Without a word she accepts my outstretched hand. Her grip is warm and confident, her long nails painted a lustrous charcoal grey. I try not to stare, and fail miserably.
She doesn’t tell me her name, and I pretend not to notice.
‘Mo joo-shi ley-oh?’ I wish for Would you like a little something from the bar? but have to make do with a quite abrupt What do you want? At least it raises a hint of a smile.
‘Gin-tonic, juseyo.’
At the bar I order from Miss Hwang, who looks over my shoulder and gives me a subtle smile of approval. The staff at the Cowboy are very protective of their regulars, and Miss Hwang sees no threat from the lady in black.
I hand the gin and tonic to the one with no name, and she tips her head in silent thanks. I’m playing tennis with an opponent who has no racquet, but still the bloody ball keeps coming back at me.
‘Irrum-i moueyo?’ What’s your name? At least I might score marks for persistence.
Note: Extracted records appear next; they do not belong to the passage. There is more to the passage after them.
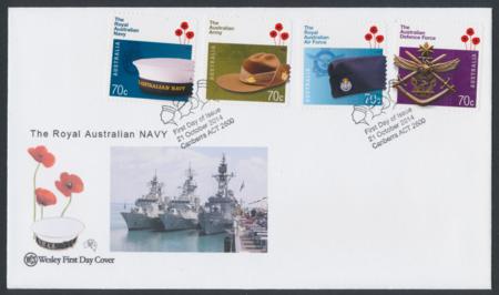 21-Oct-2014 Australian Defence Forces peel and stick Wesley First Day Cover with cachet of Naval Ships and Flanders Poppies, stamps depict Royal Australian Navy cap, Army Slouch hat, Royal Australian Air Force cap and Defence Force insignia tied Canberra pictorial postmark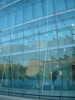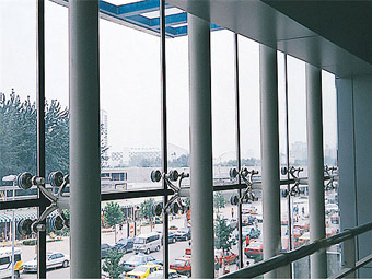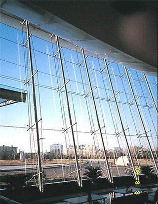 一、点支式幕墙 1.支承结构形式多样,可满足不同建筑师及工程业主对建筑结构与外立面效果的需求。 2.结构稳固美观,构件精巧实用,可实现金属结构与玻璃的通透性能融为一体,建筑内外空间和谐统一。 3.玻璃与驳接爪件采用球铰连接,具有较强的吸收变形能力。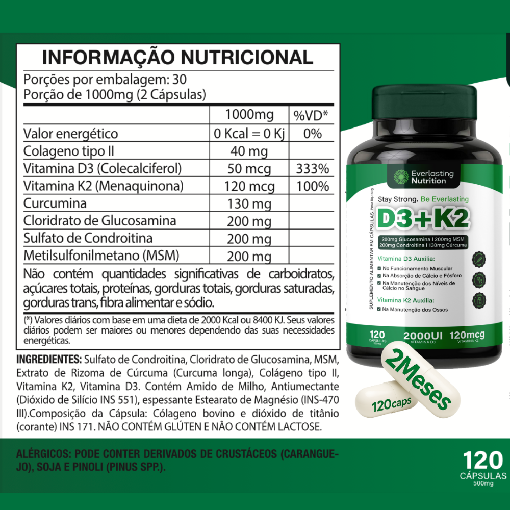 Vitamina D3 + K2 com Colágeno Tipo 2 e Glucosamina – 120 Cápsulas – Everlasting Nutrition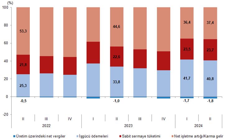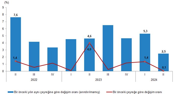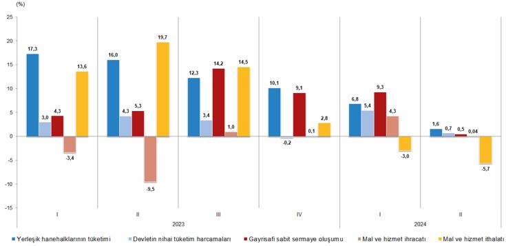 Türkiye İstatistik Kurumu (TÜİK), 2024 yılının ikinci çeyreğine ilişkin Gayrisafi Yurt içi Hasıla verilerini açıkladı. TÜİK’in açıkladığı verilere göre ekonomi ikinci çeyrekte yıllık bazda %2,5 büyüme kaydetti. Bu döneme ilişkin piyasaların genel beklentisi ise %2,8 büyüme gerçekleşmesi yönündeydi. Kaynak: TÜİK AA Finans'ın anket sonuçlarına göre ise ekonomistler bu yılın ikinci çeyreğinde Türkiye ekonomisinin yıllık bazda %3 büyüdüğünü tahmin etmiş, ankete katılan ekonomistlerin beklentileri de %2,6 ile %3,5 aralığında yer almıştı. Türkiye ekonomisi, geçen yılın aynı çeyreğinde yüzde 3,9, 2024 yılının ilk çeyreğinde ise yüzde 5,7 büyüme kaydetmişti. İkinci çeyreğe ilişkin GSYH'yi oluşturan faaliyetler incelendiğinde; 2024 yılı ikinci çeyreğinde bir önceki yıla göre zincirlenmiş hacim endeksi olarak; diğer hizmet faaliyetleri %7,4, inşaat %6,5, tarım sektörü ile gayrimenkul faaliyetleri %3,7, bilgi ve iletişim faaliyetleri ile finans ve sigorta faaliyetleri %3,4, kamu yönetimi, eğitim, insan sağlığı ve sosyal hizmet faaliyetleri %3,2, hizmetler %2,9, mesleki, idari ve destek hizmet faaliyetleri %0,6 arttı. Sanayi sektörü ise %1,8 azaldı. Mevsim ve takvim etkilerinden arındırılmış GSYH zincirlenmiş hacim endeksi, bir önceki çeyreğe göre %0,1 arttı. Takvim etkisinden arındırılmış GSYH zincirlenmiş hacim endeksi, 2024 yılı ikinci çeyreğinde bir önceki yılın aynı çeyreğine göre %2,8 arttı. Üretim yöntemiyle Gayrisafi Yurt İçi Hasıla tahmini, 2024 yılının ikinci çeyreğinde cari fiyatlarla bir önceki yılın aynı çeyreğine göre %78,6 artarak 9 trilyon 949 milyar 792 milyon TL oldu. GSYH'nin ikinci çeyrek değeri cari fiyatlarla ABD doları bazında 308 milyar 158 milyon olarak gerçekleşti. Hanehalkı nihai tüketim harcamaları %1,6 arttı Yerleşik hanehalklarının nihai tüketim harcamaları 2024 yılının ikinci çeyreğinde bir önceki yılın aynı çeyreğine göre zincirlenmiş hacim endeksi olarak %1,6 arttı. Devletin nihai tüketim harcamaları %0,7, gayrisafi sabit sermaye oluşumu ise %0,5 arttı. Mal ve hizmet ihracatı, 2024 yılının ikinci çeyreğinde bir önceki yılın aynı çeyreğine göre zincirlenmiş hacim endeksi olarak %0,04 artarken ithalatı %5,7 azaldı. Kaynak: TÜİK İşgücü ödemeleri %112 arttı İşgücü ödemeleri, 2024 yılının ikinci çeyreğinde bir önceki yılın aynı çeyreğine göre %112,4 arttı. Net işletme artığı/karma gelir %47,7 arttı. İşgücü ödemelerinin cari fiyatlarla Gayrisafi Katma Değer içerisindeki payı geçen yılın ikinci çeyreğinde %33,8 iken, bu oran 2024 yılında %40,8 oldu. Net işletme artığı/karma gelirin payı ise %44,6 iken %37,4 oldu. Kaynak: TÜİK

Her eyes crease, and she reaches into a tiny beaded bag for a packet of Sol cigarettes. In a society with old-fashioned ideas about chivalry you never know when a light can come in handy, so I am in there before she finds her own lighter. In the glare of ultra-violet strip lights her dark red lipstick turns the shining black of the heroines of early talkies. Her nose has the perfection of line that comes only from the cosmetic surgeon’s scalpel, but the eyes are her own, elongated tear-drops rimmed with heavy black liner. She draws hard on the cigarette which, tugging at her lower lip, comes away crimped with dark red semi-circles. She stretches her head back and blows a stream of smoke straight up towards big fans that circle lazily in the toxic fog. Around her slender neck is a single fine gold chain. I am desperately trying to think of something clever to say when she leans towards me, a draught of sweet perfume cutting through the foul smoke from her Sol.